> _REQUIRED ACTION_: Extract only the lines running from the top of the entries to the line that holds "As shown in Figure 7, the". Include that line and omit the pictures.

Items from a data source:

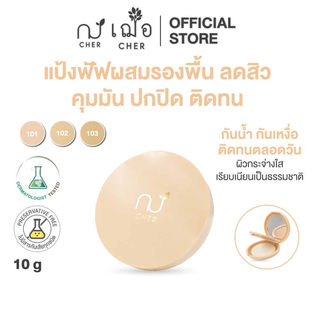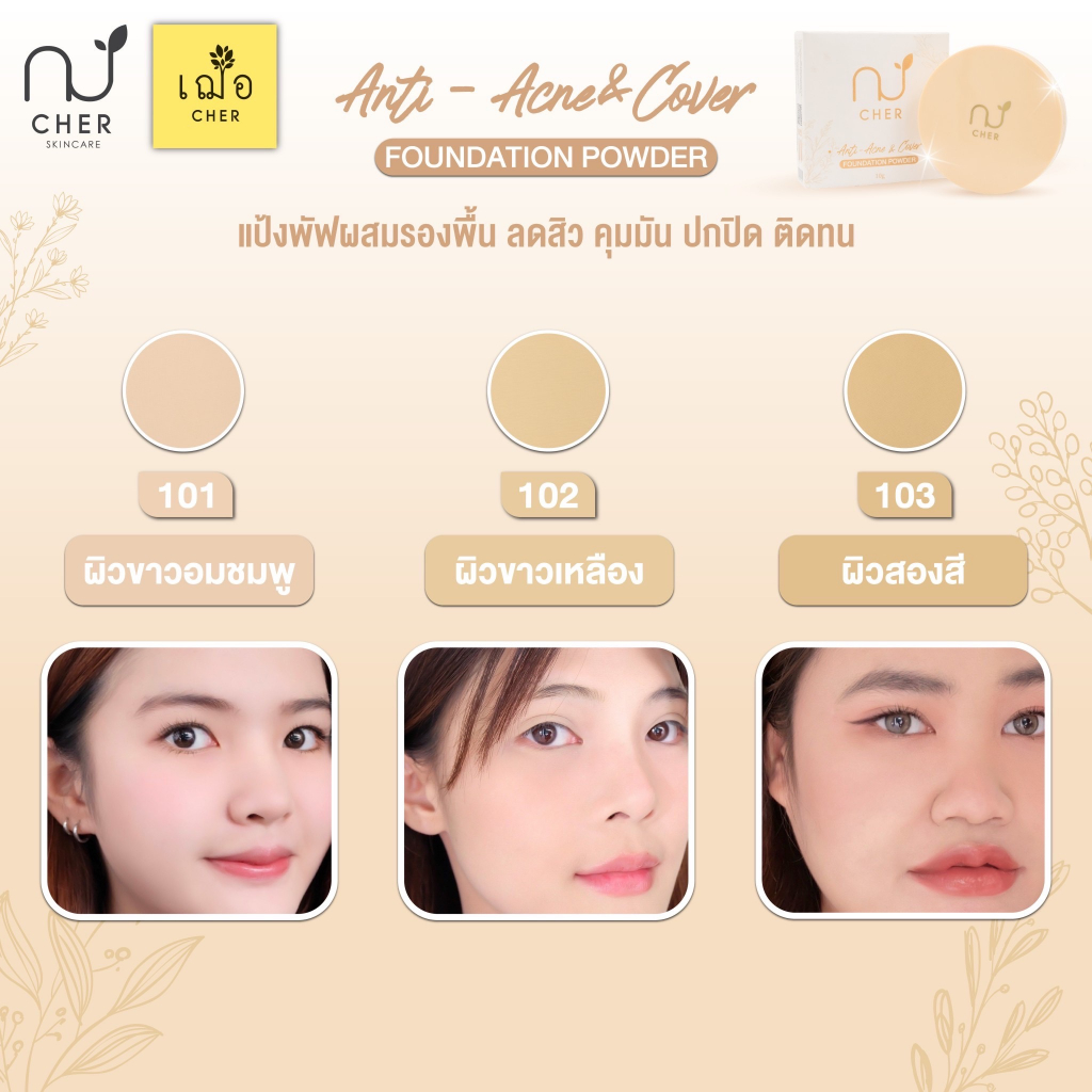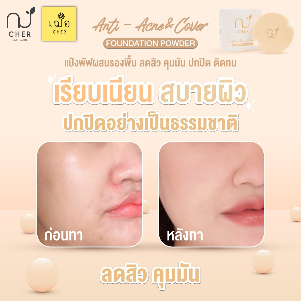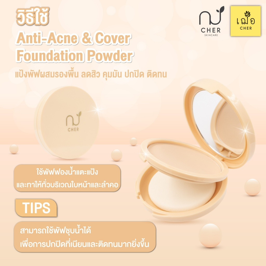 CHER Anti-Acne & Cover Foundation Powder เฌอ แป้งพัฟผสมรองพื้น ช่วยลดสิว ควบคุมความมัน ปกปิด ติดทน กันน้ำ กันเหงื่อ ไม่เป็นคราบ ปรับสีให้แลดูกระจ่างใส เรียบเนียนเข้ากับผิวอย่างเป็นธรรมชาติ สีแป้ง ไม่ดรอป ช่วยลดแบคทีเรีย ลดสิว ป้องกันผิวจากแสง UV และแสงสีฟ้า ✅ เหมาะสำหรับผิวแพ้ง่าย 👩🏻⚕️👨🏻
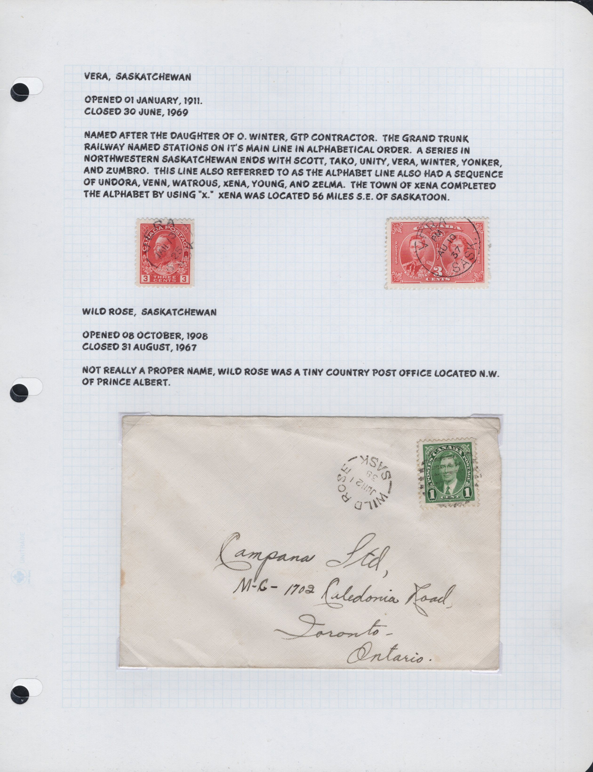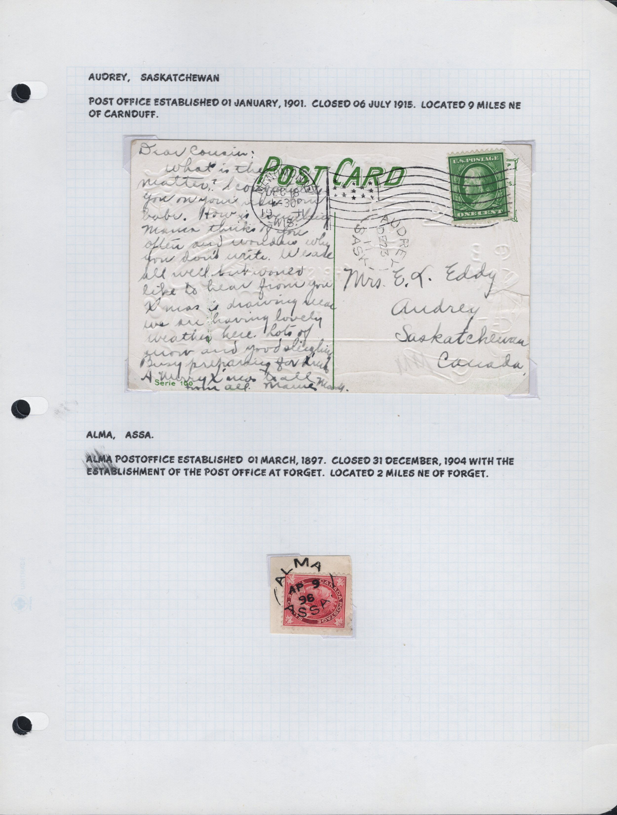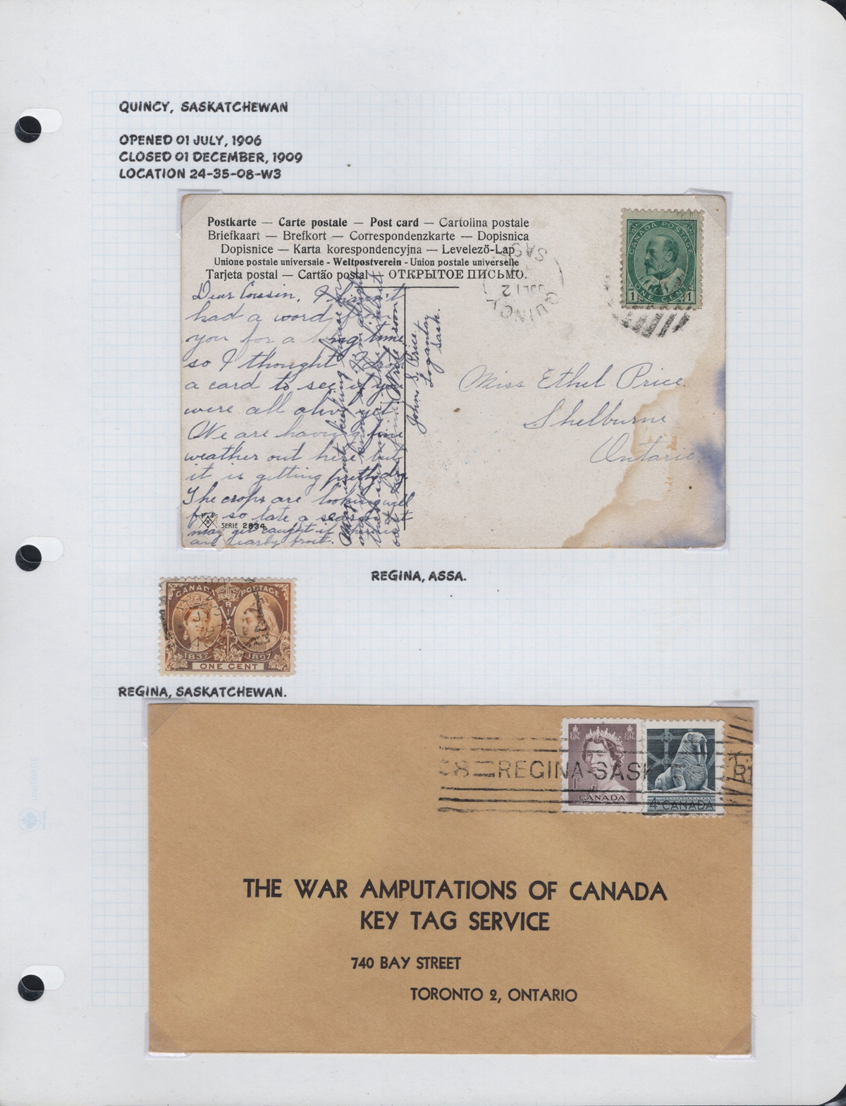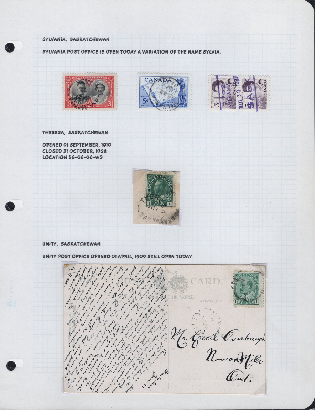 519 CVR/PC   imageExtensive Saskatchewan Town Postmark Collection, a seldom offered, lifetime collection of 1,126 covers/postcards/pieces, all with split ring postmarks, with strength in the earliest days of the Provinces (Edward and Admiral era). Arranged alphabetically on collector made pages, or stock pages and held within 16 binders (takes up about 2 bankers boxes). This is one man's collection, acquired over decades, offered intact, and which includes 179 "E" or "*" (unreported) postmarks, alongside many other closed post offices, RPPC (real photo postcards), rates, destinations etc. Included is the inventory list of towns, compiled by the collector with town name, date acquired and purchase price. This lot represents an opportunity for either the postmark collector or dealer to acquire a life-time work intact. We are offering this group intact in this sale, with a starting price of $15,000 (about $13 per cover). If this collection does not sell intact, it will be appropriately broken up in subsequent Garden City Philatelic Auction postal history sales. We have scanned many of the better items, along with the inventory list. We encourage any interested collectors to contact us with any questions. Click here for a PDF of this lot. (Scan 1) (Scan 2) (Scan 3) (Scan 4) (All Scans) (All Images)
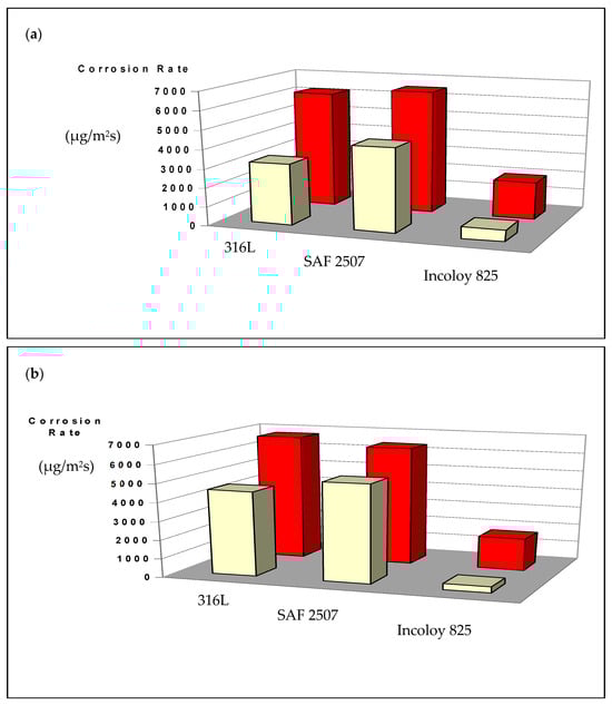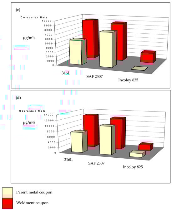 As shown in Figure 7, the corrosion rate of the parent metal (3.5 × 103 μg/m2 s) and weldment (6 × 103 μg/m2 s) of SAF 2507 were, respectively, similar to those of the 316L stainless steel in FeCl3 solutions with and without a nitrite addition; however, SAF 2507 showed a greater resistance to pitting (as shown in Figure 6). The corrosion resistance of both the parent metal (5 × 102 μg/m2 s) and the weldment (1.5 × 103 μg/m2 s) of Incoloy 825 was much lower (than the corresponding samples of SAF 2507/316L). For each alloy, the corrosion rate of the parent metal was lower in each environment, which may possibly be attributed to the greater pitting susceptibility of the HAZ in the weldment of each alloy (Figure 6).
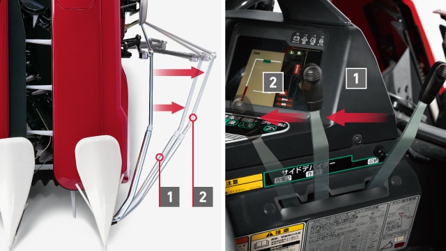 刈取部が左右にスライドでき、あぜ際刈りや中割りも簡単に。未刈株への泥寄せも抑えます。(スライド幅230mm)
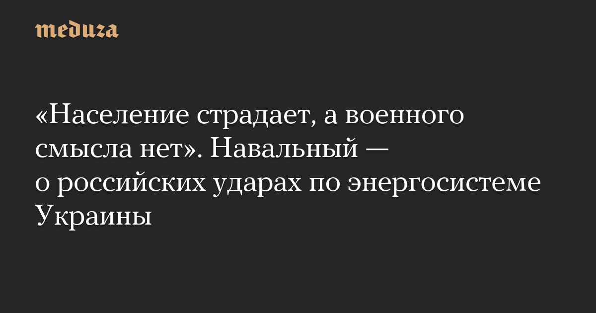 «Население страдает, а военного смысла нет». Навальный — о российских ударах по энергосистеме Украины
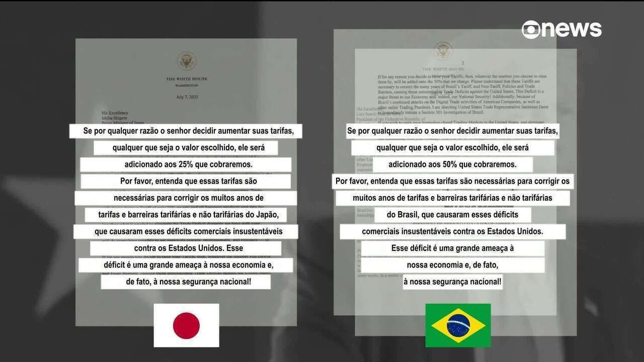 Em cartas anteriores a outros países, Trump usava um texto padrão que mudava apenas o nome do destinatário e o valor da tarifa. Essas versões afirmavam que os EUA estariam dispostos a manter relações comerciais, mas que tarifas eram necessárias para tornar as trocas mais justas e equilibradas.

> _EXPECTED ANSWER_:
 CHER Anti-Acne & Cover Foundation Powder เฌอ แป้งพัฟผสมรองพื้น ช่วยลดสิว ควบคุมความมัน ปกปิด ติดทน กันน้ำ กันเหงื่อ ไม่เป็นคราบ ปรับสีให้แลดูกระจ่างใส เรียบเนียนเข้ากับผิวอย่างเป็นธรรมชาติ สีแป้ง ไม่ดรอป ช่วยลดแบคทีเรีย ลดสิว ป้องกันผิวจากแสง UV และแสงสีฟ้า ✅ เหมาะสำหรับผิวแพ้ง่าย 👩🏻⚕️👨🏻
 519 CVR/PC   imageExtensive Saskatchewan Town Postmark Collection, a seldom offered, lifetime collection of 1,126 covers/postcards/pieces, all with split ring postmarks, with strength in the earliest days of the Provinces (Edward and Admiral era). Arranged alphabetically on collector made pages, or stock pages and held within 16 binders (takes up about 2 bankers boxes). This is one man's collection, acquired over decades, offered intact, and which includes 179 "E" or "*" (unreported) postmarks, alongside many other closed post offices, RPPC (real photo postcards), rates, destinations etc. Included is the inventory list of towns, compiled by the collector with town name, date acquired and purchase price. This lot represents an opportunity for either the postmark collector or dealer to acquire a life-time work intact. We are offering this group intact in this sale, with a starting price of $15,000 (about $13 per cover). If this collection does not sell intact, it will be appropriately broken up in subsequent Garden City Philatelic Auction postal history sales. We have scanned many of the better items, along with the inventory list. We encourage any interested collectors to contact us with any questions. Click here for a PDF of this lot. (Scan 1) (Scan 2) (Scan 3) (Scan 4) (All Scans) (All Images)
 As shown in Figure 7, the corrosion rate of the parent metal (3.5 × 103 μg/m2 s) and weldment (6 × 103 μg/m2 s) of SAF 2507 were, respectively, similar to those of the 316L stainless steel in FeCl3 solutions with and without a nitrite addition; however, SAF 2507 showed a greater resistance to pitting (as shown in Figure 6). The corrosion resistance of both the parent metal (5 × 102 μg/m2 s) and the weldment (1.5 × 103 μg/m2 s) of Incoloy 825 was much lower (than the corresponding samples of SAF 2507/316L). For each alloy, the corrosion rate of the parent metal was lower in each environment, which may possibly be attributed to the greater pitting susceptibility of the HAZ in the weldment of each alloy (Figure 6).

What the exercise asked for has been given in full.